As it happened, this bit of good news proved to be too little and too late. LPISM had already begun to disintegrate financially, its staff cut by a third. The Institute’s vice president, Richard Hicks, resigned his position, and Rath, as Pauling’s protégé, was appointed in his place. Following this, the outgoing president of LPISM, Emile Zuckerlandl, was succeeded by Pauling’s eldest son, Linus Pauling Jr. Finally Pauling, his health in decline, announced his retirement as chairman of the board and was named research director, with Steve Lawson appointed as executive officer to assist in the day-to-day management of what remained of the Institute.

One day prior to his retirement as board chairman, Pauling signed a document in which he requested that Rath carry on his “life’s work.” Linus Pauling Jr. and Steve Lawson, however, had become concerned about Rath’s role at the Institute, and particularly on the issue of a patent agreement that Rath had neglected to sign. Adhering to the patent document was a requirement for every employee at the Institute, including Linus Pauling himself. When pressed on the issue, Rath opted to resign his position, and was succeeded as vice president by Stephen Maddox, a fundraiser at LPISM.

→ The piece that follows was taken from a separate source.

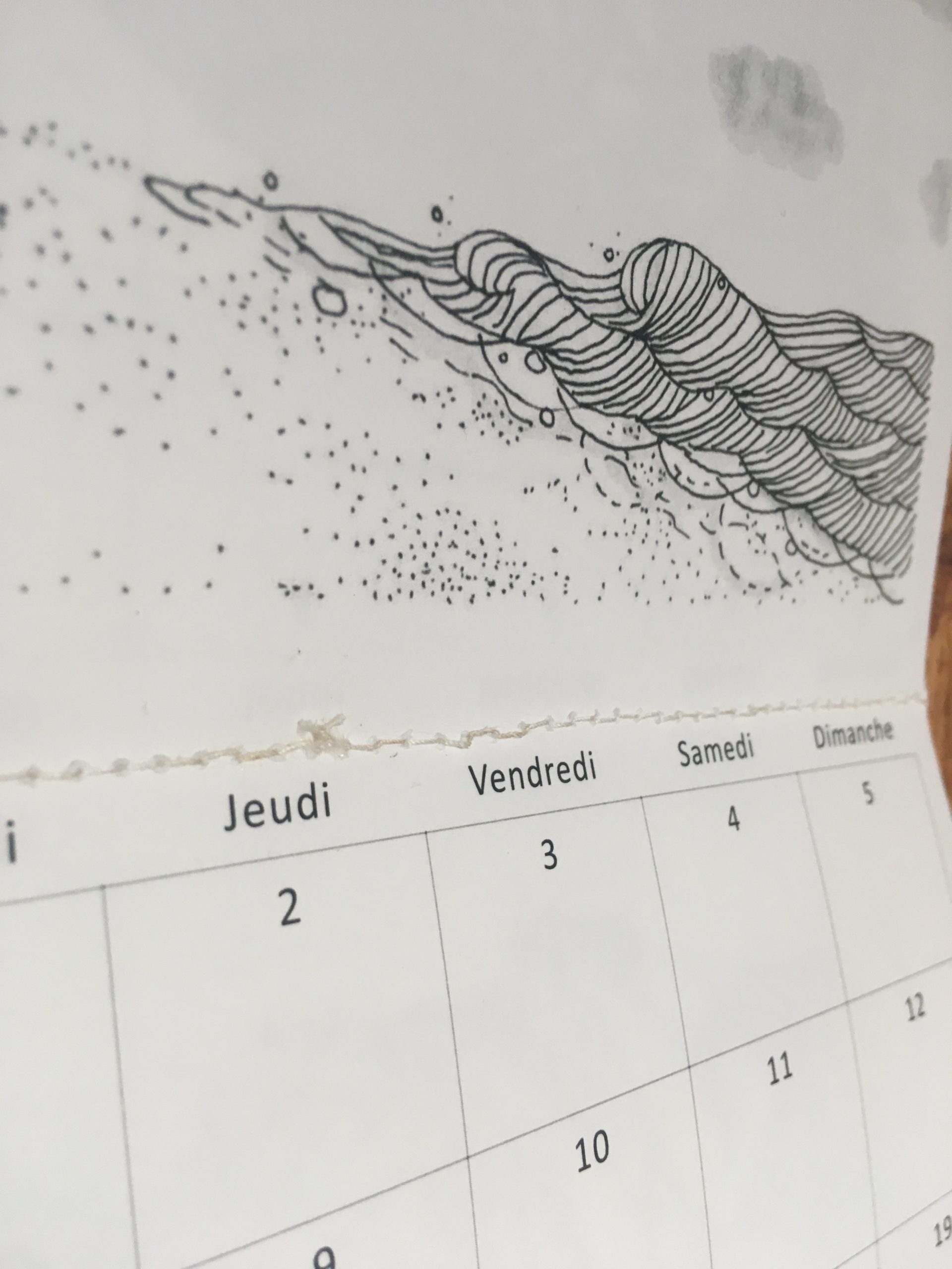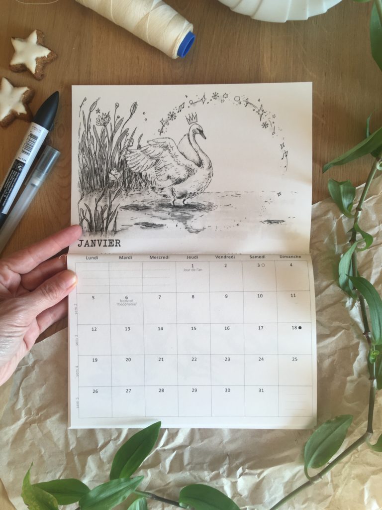 J’ai proposé au verso du calendrier de deviner les associations que j’ai choisi : chaque mois est associé à un mot et un sens pour créer le dessin original.

After this transition, Pauling met with Linus Jr. to discuss the Institute’s dire straits. Pauling’s youngest son, Crellin, had also became more active with the Institute as his father’s illness progressed, in part because he had been assigned the role of executor of Pauling’s will. Together, Crellin, Linus Jr., and Steve Lawson struggled to identify a path forward for LPISM. Eventually it was decided that associating the Institute with a university, and focusing its research on orthomolecular medicine as a lasting legacy to Pauling’s work, would be the most viable avenue for keeping the Institute alive. The decision to associate the organization with Oregon State University, Pauling’s undergraduate alma mater, had not been made by the time that Pauling passed away.